### WHAT YOU HAVE TO DO
Write out every entry exactly as given, but omit the pictures.

### RECORDS FOR THE TASK
━━━━━━━━━━━━━━━━━━━━

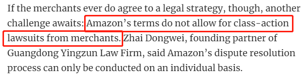 亞馬遜從入駐政策上就白紙黑字設(shè)置了霸王條款,切斷了賣家集體訴訟就是其中一項(xiàng)。
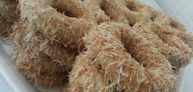 - وضع الكنافة في طبق كبيرٍ، وسكب السمنة الذائبة فوقها، وتقليبها بأطراف الأصابع، حتّى تتشرّبَ السمنة جيّداً.
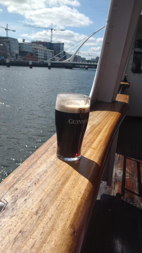 Last week started with day two of Pádraig’s friends’ wedding celebrations. It was another fabulous day of Ireland’s week-long summer. The couple had organised a section of a boat on the Liffey which presented itself in glorious sunshine. The pints looked like straight from a Guinness add. The famous two red & white chimneys of the pigeon house in the background matched those on Pádraig’s sweatshirt. Many of the dreamboaters were around. A perfect day.
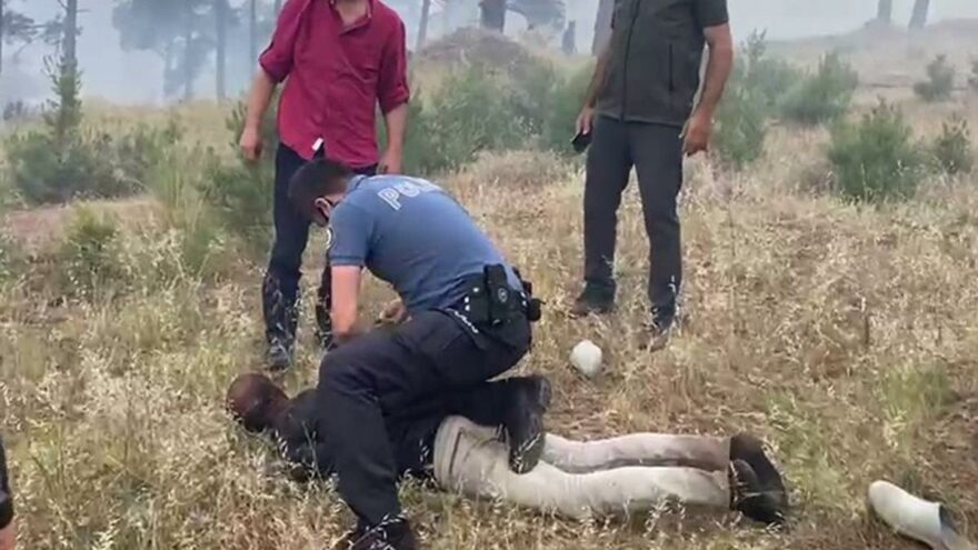 Yangın, havadan ve karadan müdahale edilerek kontrol altına alınmaya çalışılırken şahsın suçüstü yakalanma anı görüntülendi.
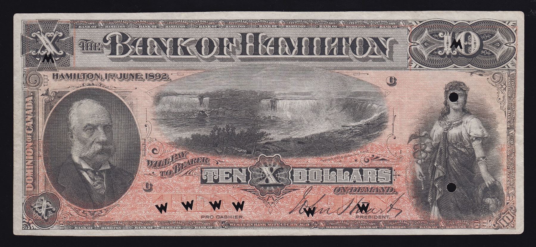 CH 345-16-04S. EF, Niagara Falls at center. Great looking specimen, left signature panel is punch cancelled.
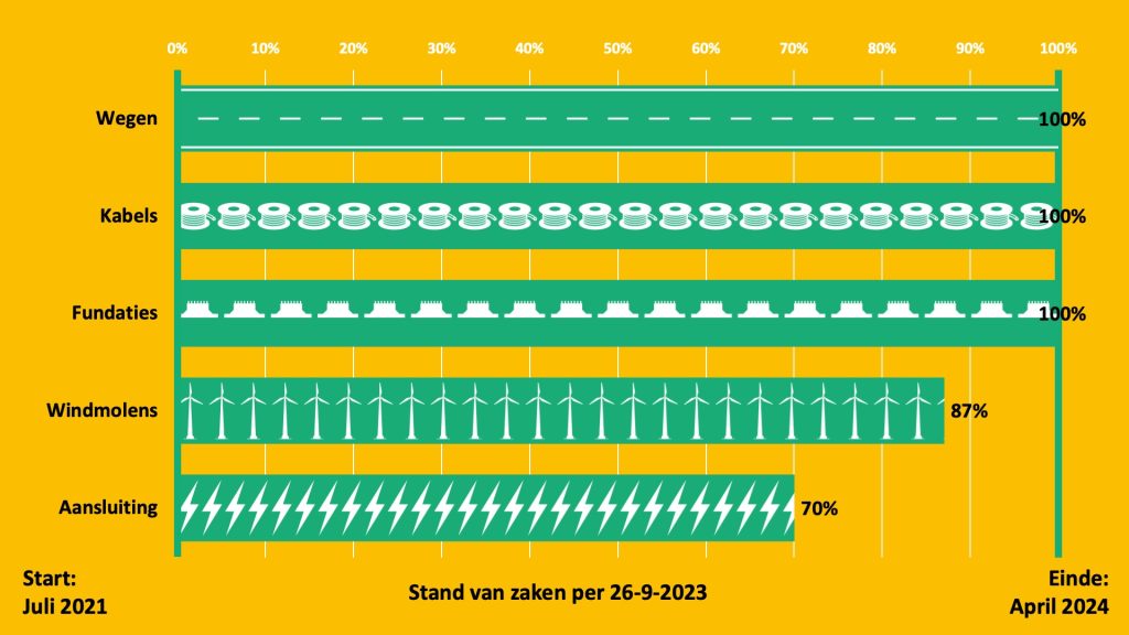 Van het totaal aantal windturbines voor Windplan Groen is inmiddels 87% gebouwd. De bouw is mede afhankelijk van de weersomstandigheden en vordert goed als er weinig wind is. Naar verwachting wordt de bouw begin 2024 geheel afgerond.

━━━━━━━━━━━━━━━━━━━━

### TASK OUTPUT
 亞馬遜從入駐政策上就白紙黑字設(shè)置了霸王條款,切斷了賣家集體訴訟就是其中一項(xiàng)。
 - وضع الكنافة في طبق كبيرٍ، وسكب السمنة الذائبة فوقها، وتقليبها بأطراف الأصابع، حتّى تتشرّبَ السمنة جيّداً.
 Last week started with day two of Pádraig’s friends’ wedding celebrations. It was another fabulous day of Ireland’s week-long summer. The couple had organised a section of a boat on the Liffey which presented itself in glorious sunshine. The pints looked like straight from a Guinness add. The famous two red & white chimneys of the pigeon house in the background matched those on Pádraig’s sweatshirt. Many of the dreamboaters were around. A perfect day.
 Yangın, havadan ve karadan müdahale edilerek kontrol altına alınmaya çalışılırken şahsın suçüstü yakalanma anı görüntülendi.
 CH 345-16-04S. EF, Niagara Falls at center. Great looking specimen, left signature panel is punch cancelled.
 Van het totaal aantal windturbines voor Windplan Groen is inmiddels 87% gebouwd. De bouw is mede afhankelijk van de weersomstandigheden en vordert goed als er weinig wind is. Naar verwachting wordt de bouw begin 2024 geheel afgerond.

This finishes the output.